The small technologies that people around the world use every day create new opportunities to do better environmentalism. These technologies lower the transaction costs — the effort it takes to acquire information and coordinate between people — and makes it easier for people to work on problems together. “When you drive down transaction costs, you take solutions that previously could only be local and now you make them global,” Myers says.
He references Seabin as an example. It was started by two surfers who were tired of trash where they surfed. They invented a pump that would collect trash from a nearby marina. They were able to raise $276,000 for it from a crowdfunding campaign where they accepted money from people across the world. And so far, they’ve collected around seven million pounds of trash from their bins.
Myers compares it to a different effort to develop technology to clean up the spot where trash collects in the Pacific.

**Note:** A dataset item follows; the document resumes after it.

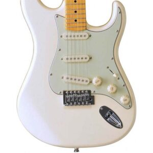 Guitarra electrica tipo Strato TG-530 LPB L/AWH, construida en cuerpo en Basswood, brazo en arce, diapason en arce (Claro) pickguard color Aged white, color del cuerpo Blanco Olimpico, 3 Pick Ups Single Coil Tagima, 1 control de volumen, 2 controles de tono, clavijeros y puente cromados.

It was billed as “the largest cleanup in history.” It was only able to collect 3 million pounds of trash. “So here these Seabins, which were just started by crowdfunding, which are just basically floating trashcans, have done more than double what the world’s largest reported ocean cleanup has done,” Myers says, “It just shows the power of small things to make big impacts.”
While eBird and Seabin are examples of charities trying to have an ecological impact, he thinks that more can be done to form sustainable and profitable businesses. “If it’s not economically sustainable, it’s not environmentally sustainable,” Myers says, “If you can turn it around and make environmental stewardship pay, like it did for the farmers in the Central Valley, now you’ve got something that is not contingent on who wins the next election.”
I ask him about how he can know whether small efforts are making progress on big problems. Instead of telling me to check the number of users of some types of tech or their impact on environmental outcomes, Myers says something unexpected.
His answer is that people can use these tools to take greater responsibility over environmental issues. “The cost of information is so low you can actually measure results and make sure that you’re achieving what you want,” Myers says. His point is that small technology enables people to take individual responsibility over their own effects.
If you want to lower your carbon footprint, there are a lot of new tools to help you use less energy. If you want to clean up the ocean, you can fund effective ocean cleaners. “There is almost absolute accountability when you use these types of technologies because it aligns your personal incentives with environmental outcomes,” Myers says.